Il est au moins curieux que le établissement confèrent des attributs humains à l’intelligence artificielle — tels que la conscience, la capacité de comprendre et de prendre des décisions — tout en soustrayant ces aspects de la nature humaine, puisque nous sommes considérés comme des automates déterminés par la somme de forces externes et internes. Dans le nouveau cadre de compréhension qu’ils peignent sur la réalité, la machine devient une personne et nous devenons une machine.9
*Gabriel Dantas Romano est une majeure en histoire à l'Université de São Paulo (USP).
notes
- Sur l'hypothèse Gaïa et ses variantes holistiques, voir le livre L'Anthropocène et les sciences de la Terre par José Eli da Veiga.
- Voir Critique de la raison pure e Critique de la raison pratique par Emmanuel Kant.
- Sur la philosophie de l'esprit et de la science, voir Quel genre de créatures sommes-nous ?, par Noam Chomsky.
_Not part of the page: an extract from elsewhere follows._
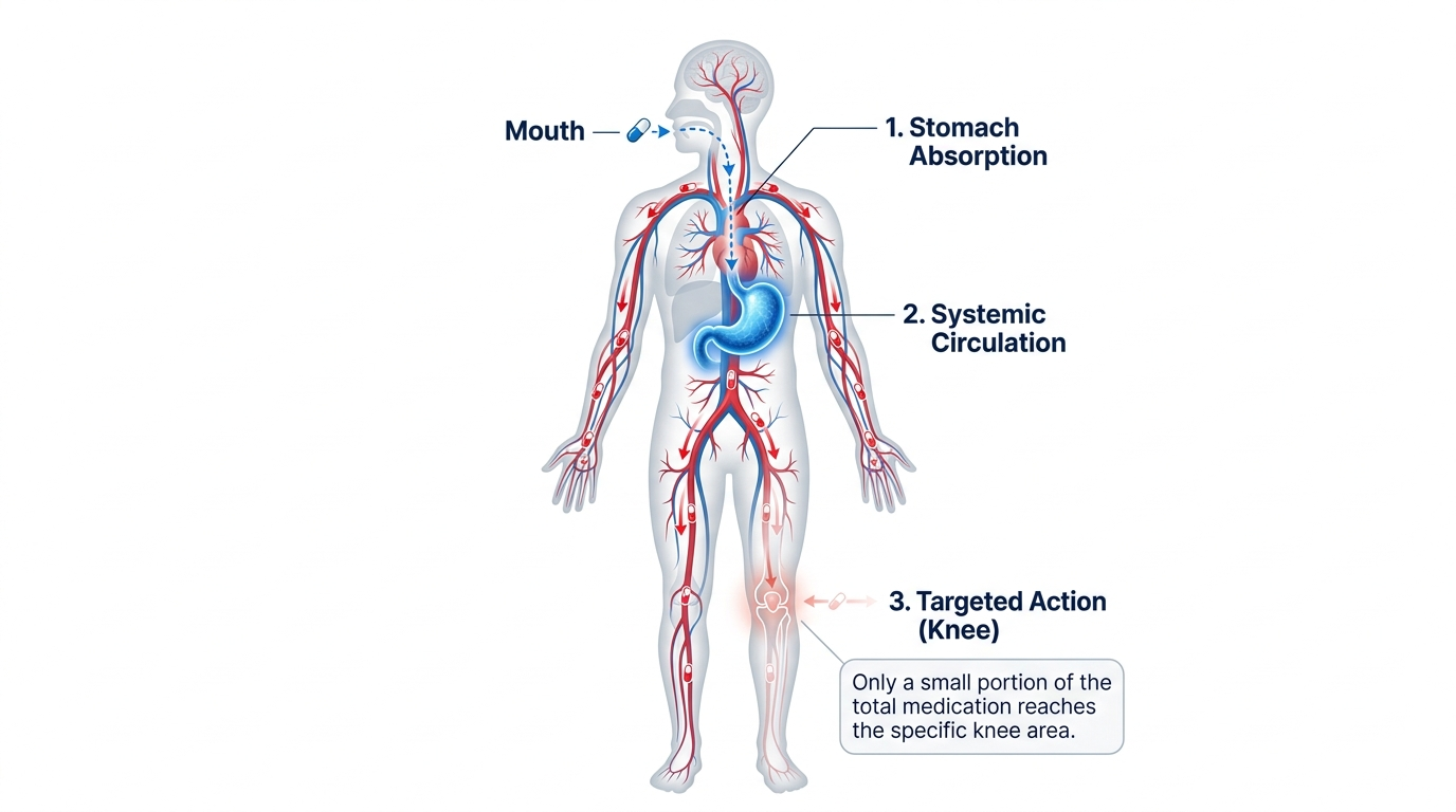 When you swallow a painkiller, it travels through your digestive system, enters your bloodstream, and circulates through your entire body. Only a fraction of the active ingredient reaches the actual site of pain. The rest affects your stomach, liver, kidneys, and other organs.

- Par exemple, le travail populaire du biologiste Richard Dawkins sur gènes égoïstes a été classé comme pseudoscientifique par le physicien argentin Mario Bunge. Dans les sciences humaines, Francis Fukuyama, un politologue renommé de Harvard, a même publié un livre défendant la thèse selon laquelle l’histoire était arrivée à sa fin. Nous concluons que la réputation de ceux qui disent que ce n'est pas de la science.
- Dans le cas de Hegel, il défend au moins une certaine forme de libre arbitre dans la préface du livre Philosophie du droit.
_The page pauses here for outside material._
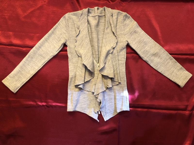 Кофта на дівчинку З вільними безформними відворотами На одній завʼязці під груддю Дуже добре тягнеться В наявності 2 шт різного розміру Заміри: довжина 43/47 см півобхват по груді 31/35 см довжина рукава 40/47 см плече 7/7 см Тканина: трикотаж Колір: сірий (меланж)
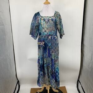 JOHNNY WAS DRESS WOMENS XS EXTRA SMALL MULTI COTTON KLODI RAGLAN TIERED MIDI

- Encore une fois, Chomsky réfléchit sur le sujet d'une manière très érudite dans le livre Quel genre de créatures sommes-nous ?. De plus, je recommande Liberté et neurobiologie par John Searle, ainsi que ses autres écrits.
- Pour être plus précis : Problèmes de la physique moderne e Physique et philosophie. Il s’agit certainement d’ouvrages qui témoignent d’une érudition admirable.
- Problèmes de la physique moderne, Éd. Perspectiva, p. 19-20.
- Voir l’argument de la chambre chinoise de John Searle.